I think we all know that gaming PCs specially are hummers in that regard.

I am surprised we dont have setups, when the vast majority got IGPs. So the discrete GPU is turned off for example under any non gaming.

My system idles (browsing etc usage) around 40-50W or so. And I guess half of that is from the GPU alone.


Yea, I have never understood why the IGP cannot be used when not gaming. Something like how optimus works for laptops. Or even a way to do it manually when you were not planning to game for a while.
 
I use my integrated Xeon E3-1245V3 graphics because even in internet browsing, email, and stupid stuff a descrete graphics card is adding an additional 100w or so more.

Intel has been able to do amazing thins with CPU power during idle and basic tasks, ramping up when needed. GPU companies need to get with it! Idle / park the entire card for basic apps, and ramp it up when needed.

They already do. You must have been using a seriously-outdated video card (8800GT?), because even my friend's out-dated GTX460 2GB card clocks WAY down (like 50-100Mhz core clocks) when not doing anything intensive.
 
They already do. You must have been using a seriously-outdated video card (8800GT?), because even my friend's out-dated GTX460 2GB card clocks WAY down (like 50-100Mhz core clocks) when not doing anything intensive.

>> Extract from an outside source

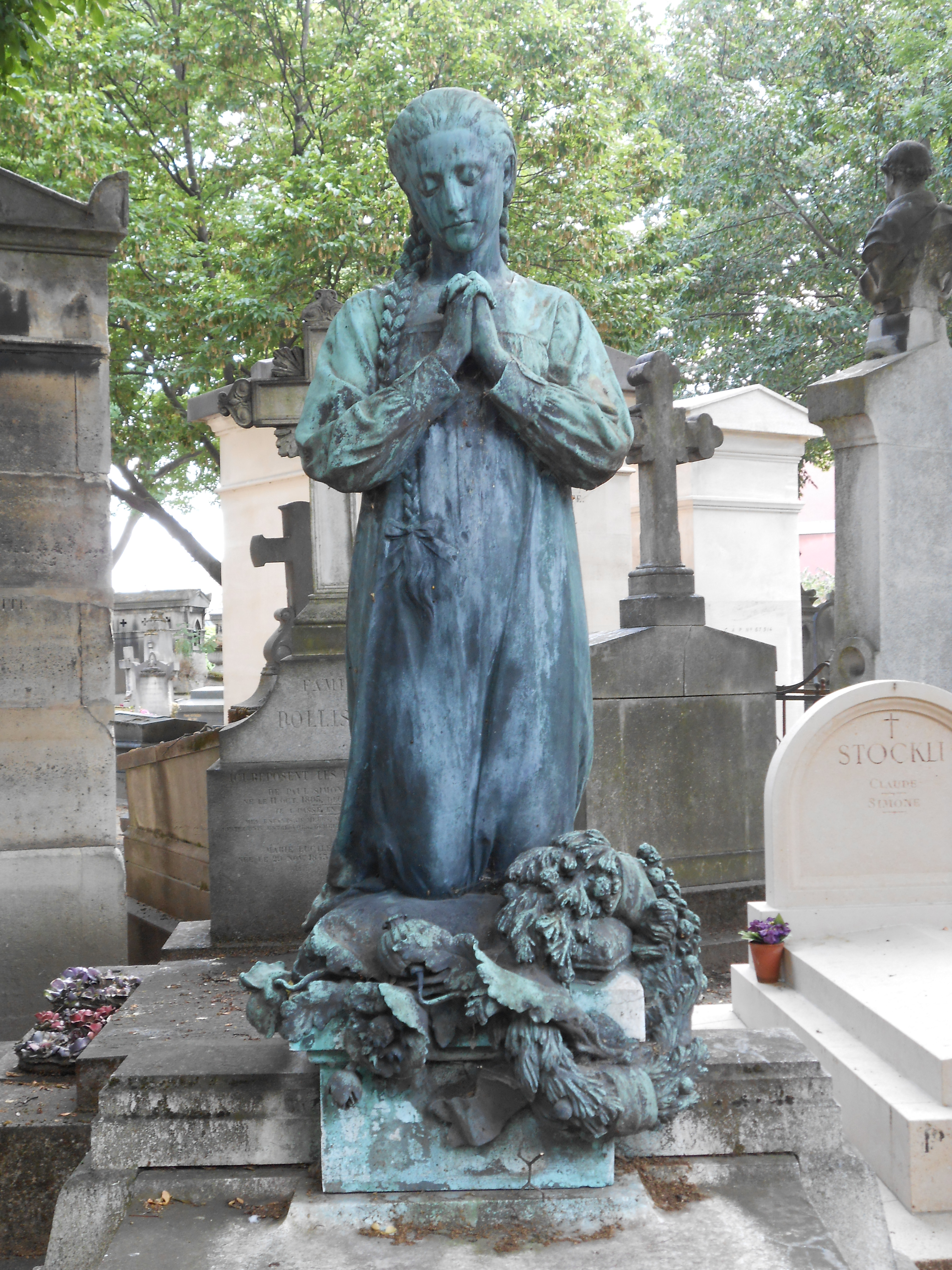 Statue of a woman praying by Henri Allouard.

They still use quite a bit of power. And dont show me some long idle modes with the screen turned off.
 
What they need to do is porting nVidia Optimus or AMD Hybrid Graphics to Desktop. I always thought that it is extremely retarded that the most power inefficient thing you can do to a computer (Besides highs overclocking when you need to add 0.1V for a mere 100 or 200 MHz), is adding a Video Card that will always be annoying you with extra noise and power consumption. If would be interesing to get a working config where it can be turned on/off on demand for people that doesn't care about some extra delay.
 

Look at figure 13. There's a graph of power usage between a GTX 780 (Kepler) and a GTX970 (Maxwell).

Rather than regulations on SLI/CF, could we instead see a "cash for clunkers" program, for older, less energy-efficient PC components like GPUs? Free gov't-sponsored GPU trade-in program, everyone gets a free upgrade to 16nm Pascal?

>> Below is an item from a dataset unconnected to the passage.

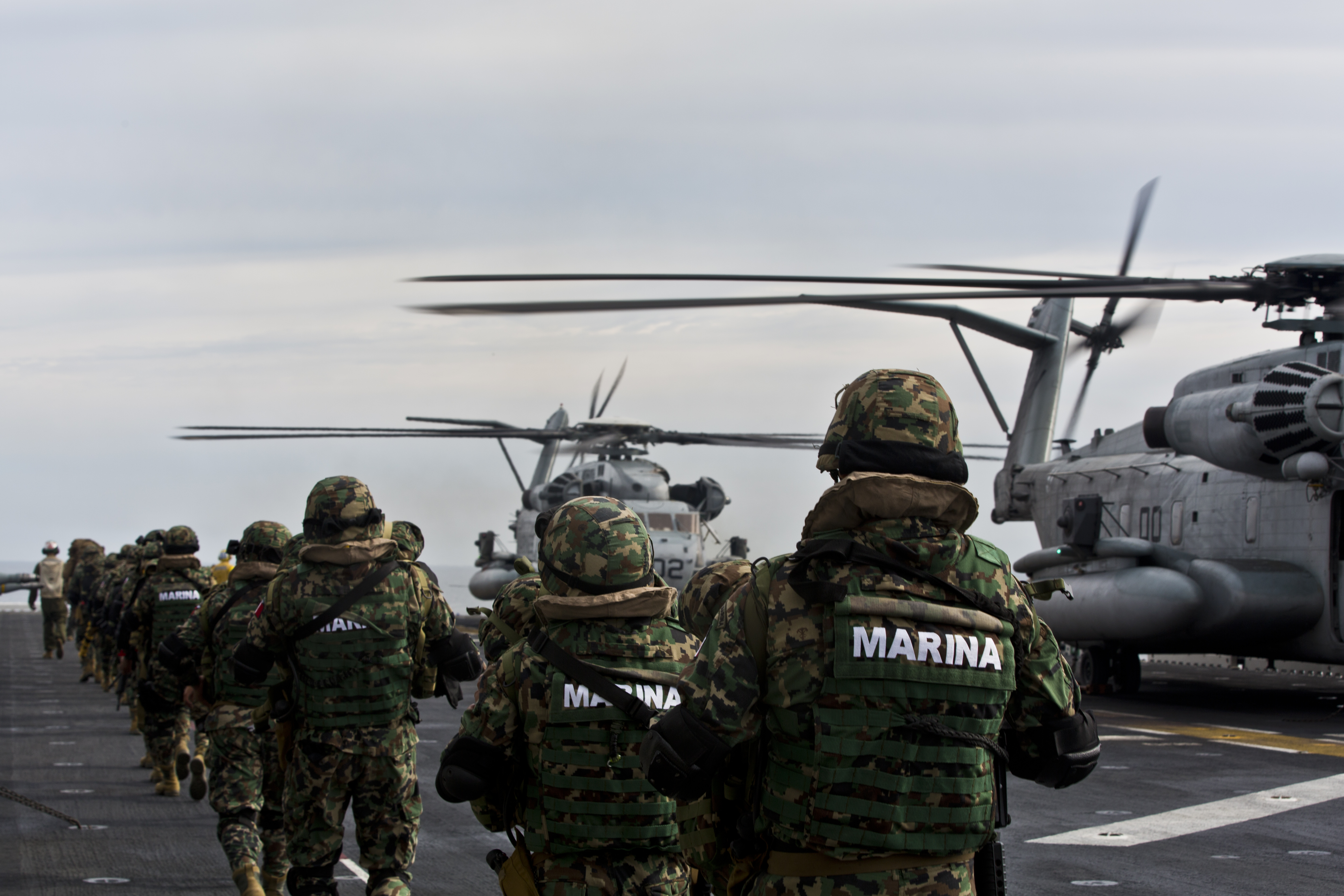 Mexican Marines transport their gear to a CH53E Super Stallion aboard the USS Kearsarge (LHD3) during Bold Alligator 14, Nov. 4, 2014. Bold Alligator is a multi-national, synthetic naval exercise designed to train the full range of amphibious capabilities in order to provide unique and contemporary solutions to global challenges. (U.S. Marine Corps Lance Cpl. Tanner D. Casares/Released)

I haven't read the whole paper yet, but do they analyze the historical energy-efficiency changes that have come about from node-shrinks?

I notice that they mention I think the PS3 console took 180W in Game Mode when it came out, but later iterations only took 70W. But they didn't explain further, that the primary driver behind that energy efficiency was node shrinks.

At least in the USA, mandatory energy efficiency standards do not
exist for any components found in gaming computers.
Maybe that's their angle? I would prefer, instead of "mandatory energy-efficiency standards", that instead, we have some sort of labeling standard for (especially) video cards, as to their actual maximum, as well as average power draw, in watts. The free market will do the rest.

IMHO, the industry is already making leaps and bounds as far as energy efficiency is concerned. Those lucrative super-computer contracts sure are good motivators for perf/watt increases.
 
Last edited:
The system in my signature with a mild overclock draws around 45w (plus monitor and speakers) under normal desktop usage, and less than 200w even under worst-case scenarios. Granted, this isn't a high-end machine, but even moving up to a GTX970 wouldn't change those numbers considerably; maybe 50w extra under load.

What they need to do is porting nVidia Optimus or AMD Hybrid Graphics to Desktop. I always thought that it is extremely retarded that the most power inefficient thing you can do to a computer (Besides highs overclocking when you need to add 0.1V for a mere 100 or 200 MHz), is adding a Video Card that will always be annoying you with extra noise and power consumption. If would be interesing to get a working config where it can be turned on/off on demand for people that doesn't care about some extra delay.

When not running a game, most modern video cards only add 10-15w to the total system power consumption. Most modern components don't draw much power at idle. I imagine the big offenders at low-load are probably desktop motherboards and power supplies. Moving from a full ATX board to ITX and from a 650w PSU to a 380w dropped my idle power consumption in half.